TRY IT: Down to the last line, print the data that follows exactly, without its pictures.

DATASET CONTENT:
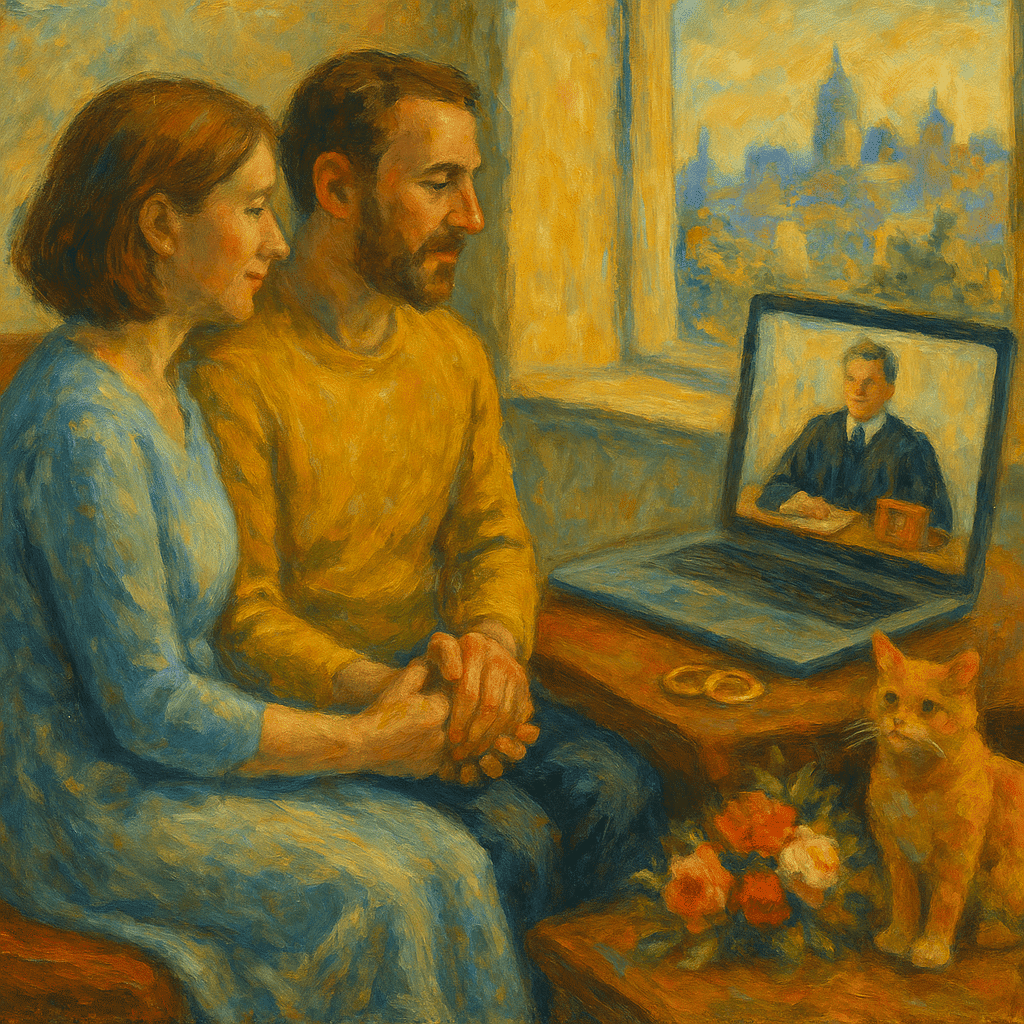 Это официальный, признанный, юридически действующий брак, который можно заключить прямо из дома — без поездок, без очередей, без религиозного контроля.
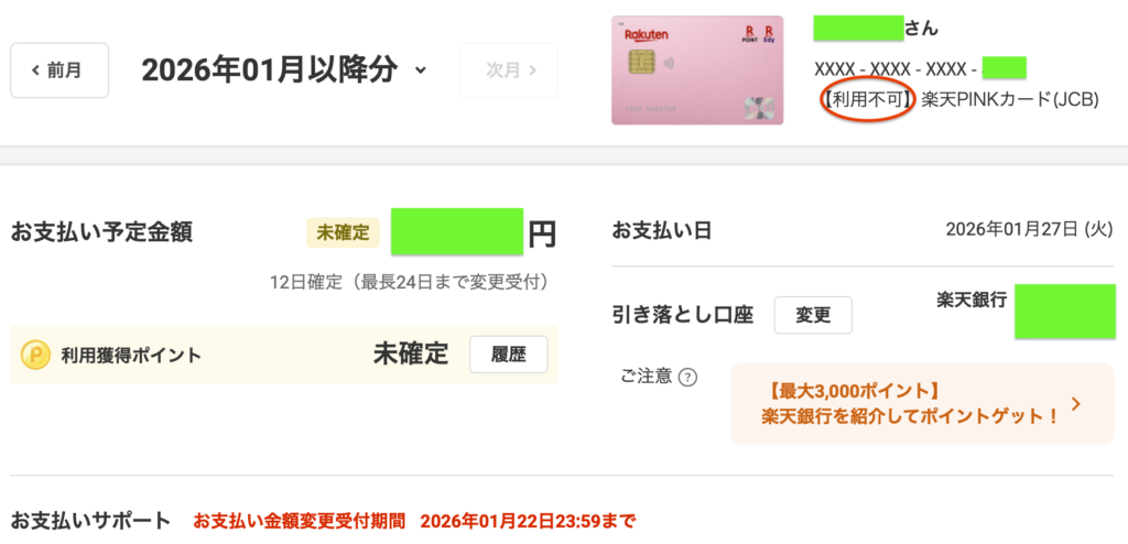 けれどカード利用が不可になっただけで、銀行口座決済が未完了のカード利用分は、即時処理とはならぬ模様。月末の引き落とし予定日迄待たねばならず、楽天銀行口座の解約も遠のいてしまい残念。
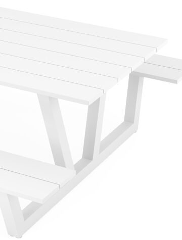 Felino picknicktafel in wit aluminium - L 220 x B 176 x H 76 cm | Exterioo

SOLUTION TO THE EXERCISE:
 Это официальный, признанный, юридически действующий брак, который можно заключить прямо из дома — без поездок, без очередей, без религиозного контроля.
 けれどカード利用が不可になっただけで、銀行口座決済が未完了のカード利用分は、即時処理とはならぬ模様。月末の引き落とし予定日迄待たねばならず、楽天銀行口座の解約も遠のいてしまい残念。
 Felino picknicktafel in wit aluminium - L 220 x B 176 x H 76 cm | Exterioo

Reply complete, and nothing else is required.